- Born: Adeline Jaffe April 14, 1895 Russian Empire
- Died: July 15, 1977 (aged 82) New York City, New York, U.S.
- Education: University of California (B.A.)
- Spouse: B. P. Schulberg ​ ​(m. 1913; div. 1933)​
- Children: 3, including Budd
- Relatives: Sam Jaffe (brother) Matt Tolmach (great-nephew) Jigee Viertel (daughter-in-law) Geraldine Brooks (daughter-in-law)

= Adeline Schulberg =

Russian-American talent and literary agent

Adeline Jaffe Schulberg (April 14, 1895 - July 15, 1977) was a talent and literary agent who founded the Ad Schulberg Agency.

==Biography==
She was born Adeline Jaffe to a Jewish family on April 14, 1895, in Russia, the daughter of Hannah and Max Jaffe. While she was an infant, her family immigrated to the US in order to flee the rise in anti-semitic pogroms. The family settled on Lower East Side of Manhattan. She had two older brothers, Joseph and David, and a younger brother Sam Jaffe. Her family was poor, and she became a committed socialist and personally knew many of the movement's leaders including Leon Trotsky and George Sokolsky. She worked in the suffrage movement which enabled her to get her husband, B.P. Schulberg, then an agent with Adolph Zukor’s Famous Players–Lasky, a job producing a film documentary about English suffragist leader Sylvia Pankhurst. In 1918, she and her husband moved to Los Angeles where her husband took a job as a producer at Paramount Pictures while Schulberg became an activist for child welfare, education, woman's rights, and promoting birth control by helping to establish birth control clinics throughout the West. In 1926, she graduated with a B.A. from the University of California. In 1929, she helped to found the first progressive school in California based on the principles of John Dewey. In 1932, she founded the Schulberg-Feldman talent agency with Charles K. Feldman which was soon joined by her brother Sam Jaffe and Noll Gurney.

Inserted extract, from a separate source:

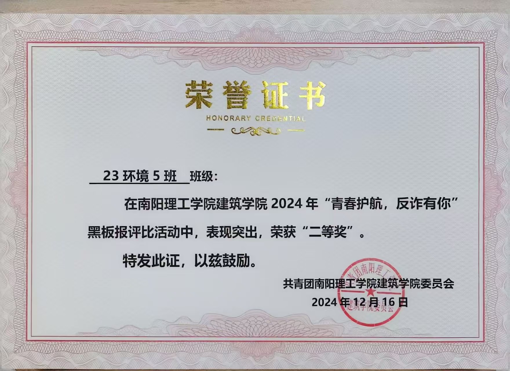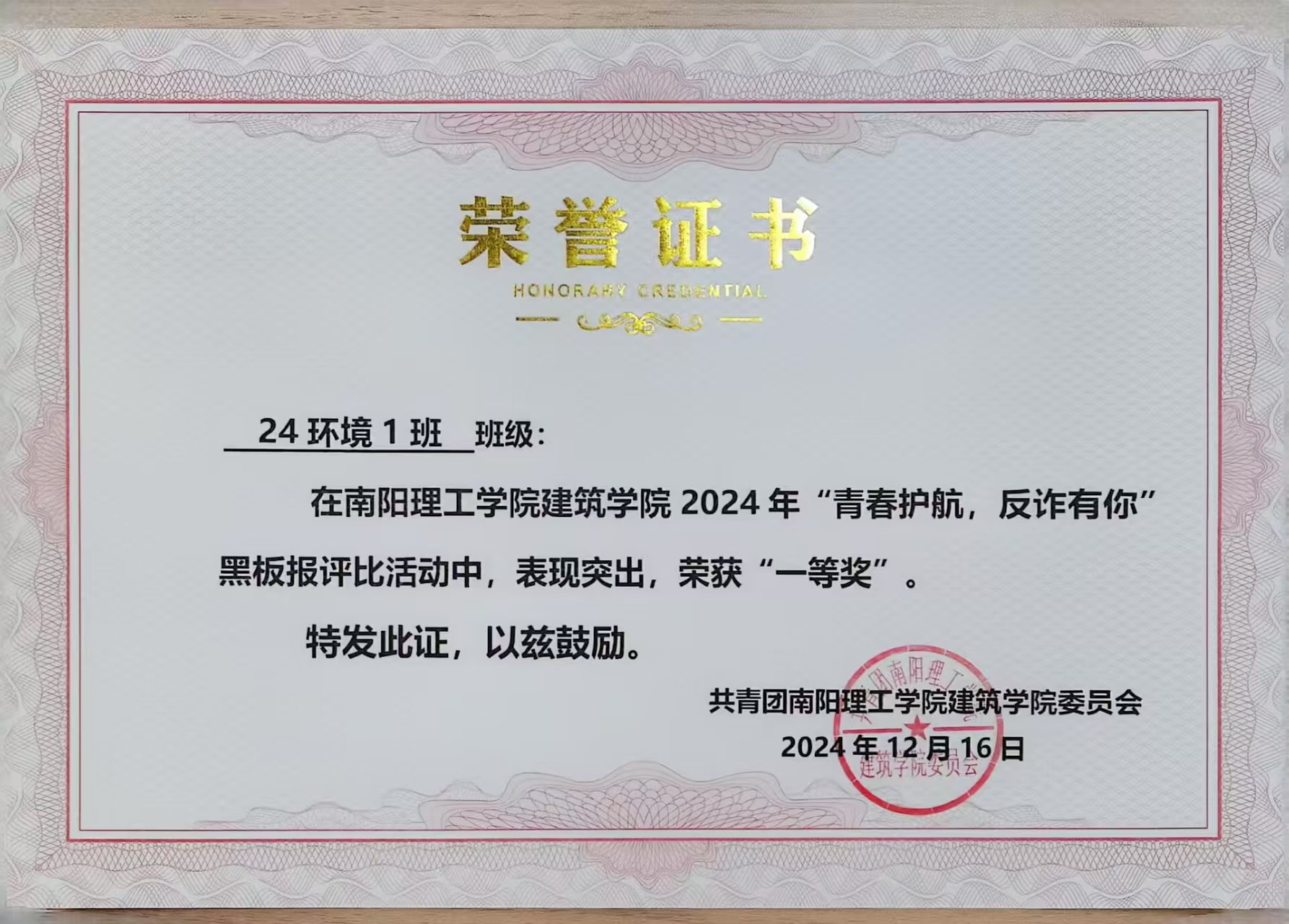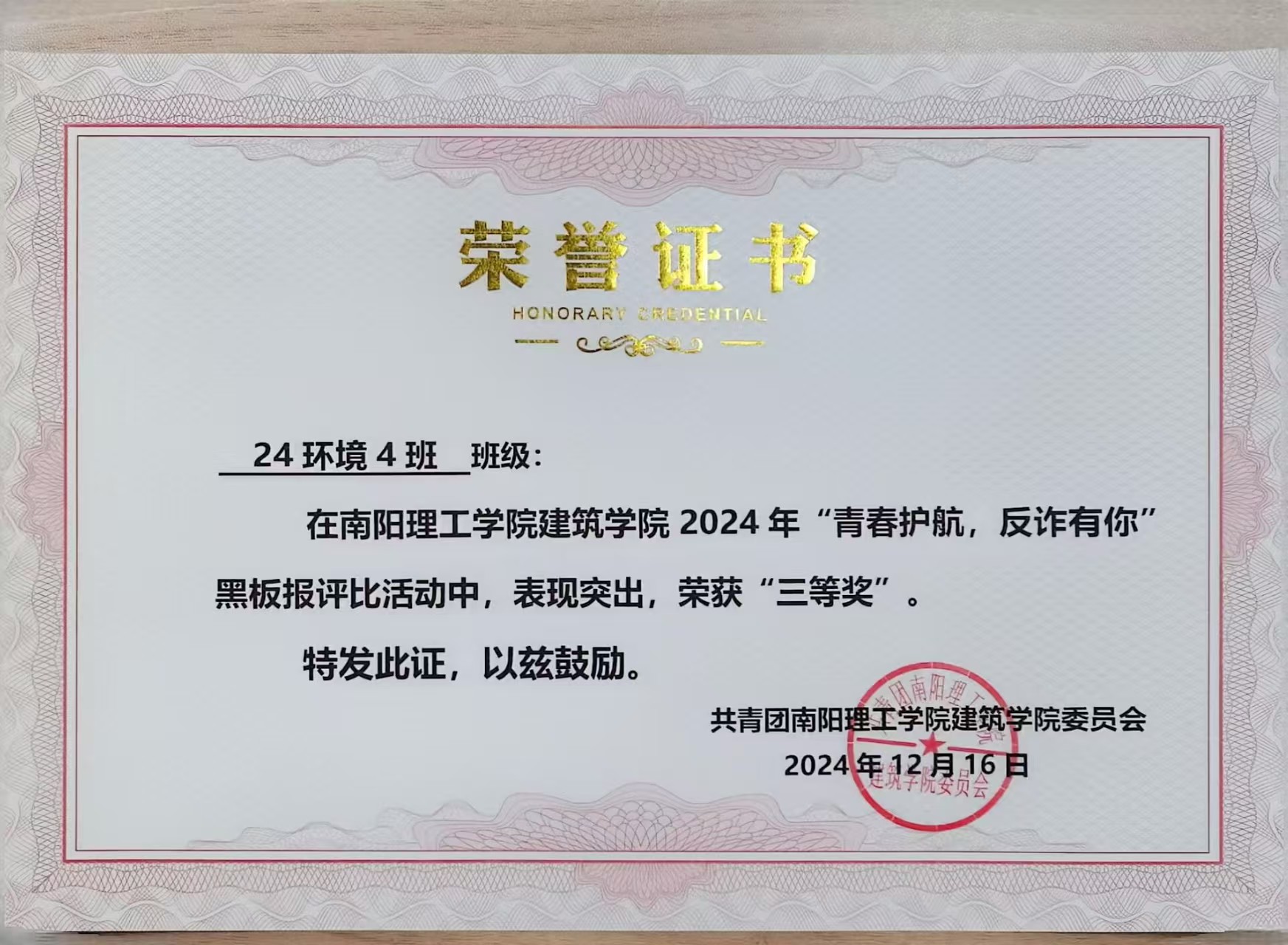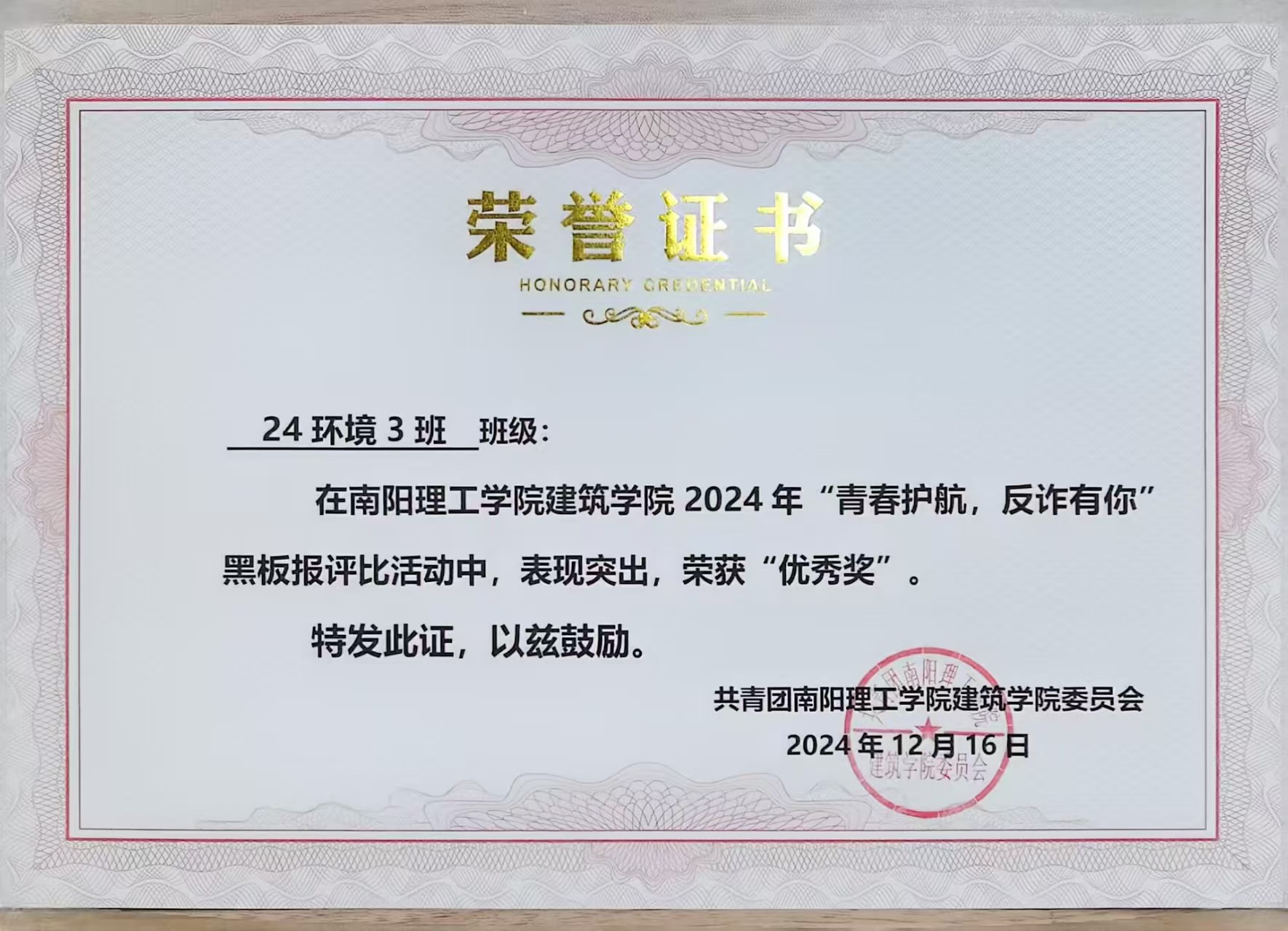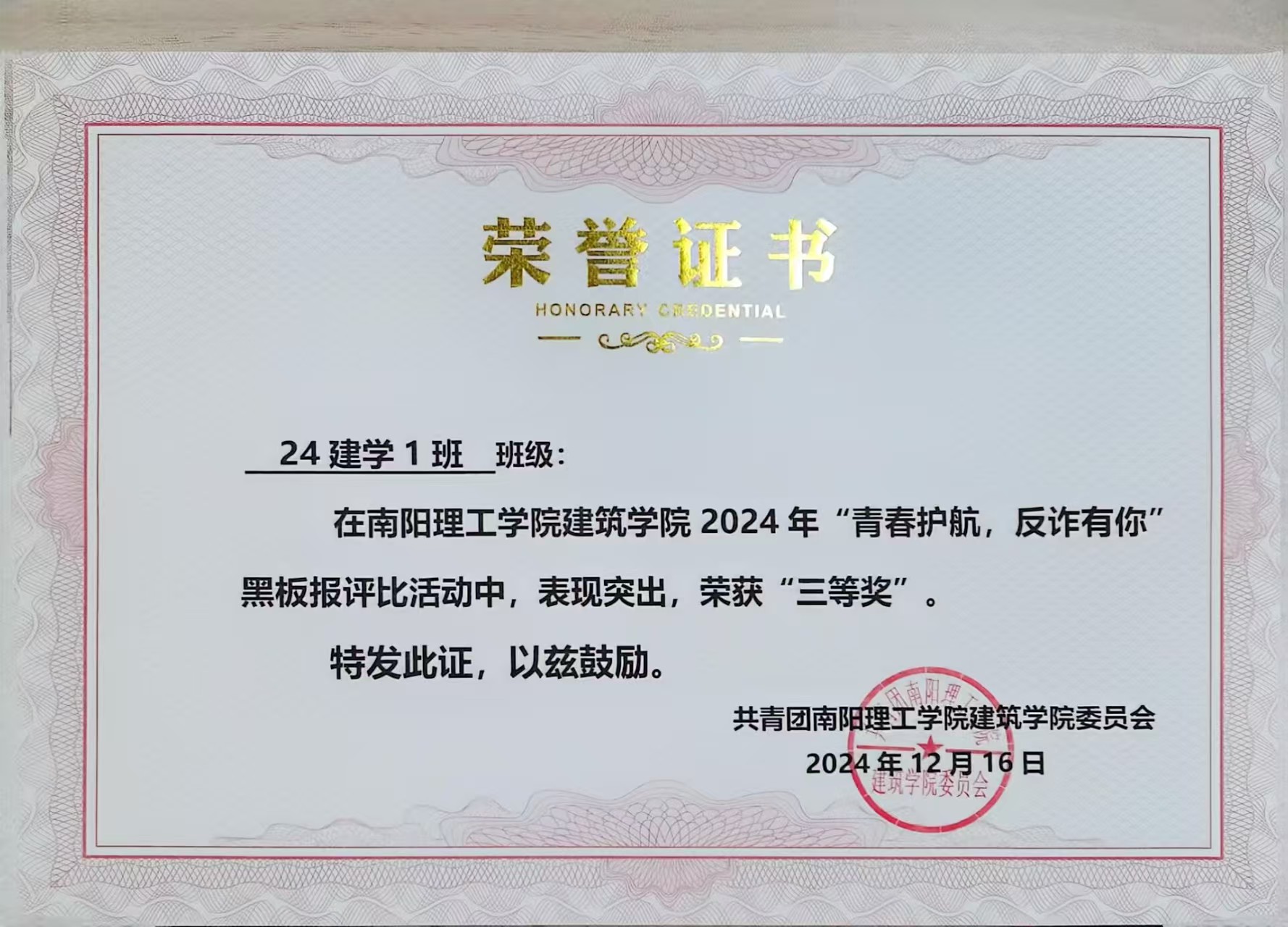 6686体育2024年“青春护航,反诈有你”黑板报评比活动获奖证书

After her divorce from her husband in 1933, she established her own talent agency named the Ad Schulberg Agency which represented some of the biggest stars at the time including Marlene Dietrich, Fredric March, and Herbert Marshall. In the 1930s, she sold the agency and then moved to London where she set up another talent agency (she was forbidden to operate in the US due to a non-compete agreement); during World War II, she operated an "underground railroad" that assisted Jewish refugee talent to flee from Nazi-occupied Europe. After the war, she moved back to New York City and worked as a talent scout for Columbia Pictures where she discovered Shelley Winters; she then formed her own literary agency where she represented her son Budd Schulberg, Vicki Baum, Fannie Hurst, Ruth McKenney, Roger Price, Mark Harris, and Rex Reed.

==Personal life==
In 1913, Schulberg was married to then New York World reporter, B.P. Schulberg; they had a son Budd Schulberg before divorcing in 1933. She died in New York City on July 15, 1977. Her son was married and divorced from actresses Virginia Lee Ray (known as Jigee Viertel) and Geraldine Brooks.